EXERCISE INSTRUCTIONS:
Print nothing but the lines below starting at the line that holds "واختارت ماريتا ليوم" and ending at the line that holds "Прогноз магнитных бурь", including both, each exactly as written.

MATERIAL FOR THIS EXERCISE:

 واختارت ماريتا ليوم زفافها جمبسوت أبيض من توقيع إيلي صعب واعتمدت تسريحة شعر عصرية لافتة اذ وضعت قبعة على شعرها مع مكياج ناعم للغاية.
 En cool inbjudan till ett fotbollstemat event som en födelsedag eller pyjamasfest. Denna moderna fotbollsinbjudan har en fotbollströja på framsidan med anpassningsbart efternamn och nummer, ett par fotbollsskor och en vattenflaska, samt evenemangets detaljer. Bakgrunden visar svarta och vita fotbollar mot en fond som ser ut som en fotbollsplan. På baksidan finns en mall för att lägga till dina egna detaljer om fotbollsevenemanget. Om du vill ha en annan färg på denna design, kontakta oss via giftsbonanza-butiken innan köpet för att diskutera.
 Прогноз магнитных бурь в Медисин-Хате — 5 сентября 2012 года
==
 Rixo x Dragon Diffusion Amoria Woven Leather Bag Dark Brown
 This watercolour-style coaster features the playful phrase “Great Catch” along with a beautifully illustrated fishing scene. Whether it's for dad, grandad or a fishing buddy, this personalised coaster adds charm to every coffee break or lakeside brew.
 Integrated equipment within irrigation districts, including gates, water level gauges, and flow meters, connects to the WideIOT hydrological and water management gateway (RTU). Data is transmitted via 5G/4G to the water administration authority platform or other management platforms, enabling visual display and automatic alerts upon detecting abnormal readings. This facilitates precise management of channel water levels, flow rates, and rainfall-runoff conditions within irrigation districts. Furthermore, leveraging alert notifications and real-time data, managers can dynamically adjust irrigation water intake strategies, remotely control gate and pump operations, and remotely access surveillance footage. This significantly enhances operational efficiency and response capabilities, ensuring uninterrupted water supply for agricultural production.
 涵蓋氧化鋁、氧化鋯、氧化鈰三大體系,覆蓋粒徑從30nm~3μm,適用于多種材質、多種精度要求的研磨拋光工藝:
---
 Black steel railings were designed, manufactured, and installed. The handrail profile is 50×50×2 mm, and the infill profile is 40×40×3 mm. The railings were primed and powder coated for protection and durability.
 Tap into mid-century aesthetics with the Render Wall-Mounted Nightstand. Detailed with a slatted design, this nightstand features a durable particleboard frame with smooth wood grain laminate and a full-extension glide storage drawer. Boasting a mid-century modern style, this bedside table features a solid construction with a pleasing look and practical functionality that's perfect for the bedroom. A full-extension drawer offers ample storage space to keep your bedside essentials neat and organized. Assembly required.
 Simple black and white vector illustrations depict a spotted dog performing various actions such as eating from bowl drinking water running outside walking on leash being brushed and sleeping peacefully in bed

WRITTEN RESPONSE:
 واختارت ماريتا ليوم زفافها جمبسوت أبيض من توقيع إيلي صعب واعتمدت تسريحة شعر عصرية لافتة اذ وضعت قبعة على شعرها مع مكياج ناعم للغاية.
 En cool inbjudan till ett fotbollstemat event som en födelsedag eller pyjamasfest. Denna moderna fotbollsinbjudan har en fotbollströja på framsidan med anpassningsbart efternamn och nummer, ett par fotbollsskor och en vattenflaska, samt evenemangets detaljer. Bakgrunden visar svarta och vita fotbollar mot en fond som ser ut som en fotbollsplan. På baksidan finns en mall för att lägga till dina egna detaljer om fotbollsevenemanget. Om du vill ha en annan färg på denna design, kontakta oss via giftsbonanza-butiken innan köpet för att diskutera.
 Прогноз магнитных бурь в Медисин-Хате — 5 сентября 2012 года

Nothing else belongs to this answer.